Andy Lyons/Getty Images

So, you were hiding the eczema when you were playing basketball. Were you hiding it from friends and family in your day-to-day life?

People around me obviously knew because I would complain about it all the time. I was clearly so uncomfortable. Things like going to the pool or just going outside, I always had to check the weather. My most vivid memory—and I know this might sound very simple—but everyone would get out of the pool and just hang out. The minute I got out of the pool, I’d have to worry about my skin. Little things like that would affect my everyday life.

It was exhausting. It was just not how I should have been living my life. I should be able to do normal things without having to worry about eczema. I met with my dermatologist to talk about the risks and rewards, and Dupixent has given me so much relief. Skin is something you take for granted.

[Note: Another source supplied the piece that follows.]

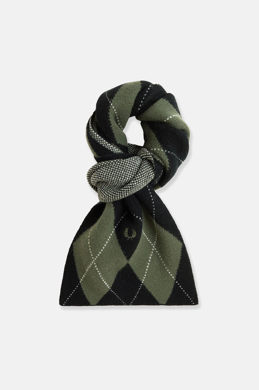 A wool scarf in a bold Argyle knit with a soft brushed finish.

How long did it take you to actually seek treatment?

You always think it’s just going to go away. I got into my twenties and I was still trying all the lotions, the steroid creams, and it didn’t really give me the relief I needed. It’s been a long journey. There’s millions of people who go through the same thing. To share your story and know that there’s other people going through the same thing is pretty powerful. [I do] an on-site injection every two weeks. With any injection, there’s risk. But if you’re well-informed, it’s pretty cool.

You mentioned steroid creams. Were you worried about those setting off WNBA drug tests?

I mean, there’s so many things when it comes to that stuff, right? With steroid creams, it was just annoying that I had to do it every time I went to bed, something I had to think about all the time.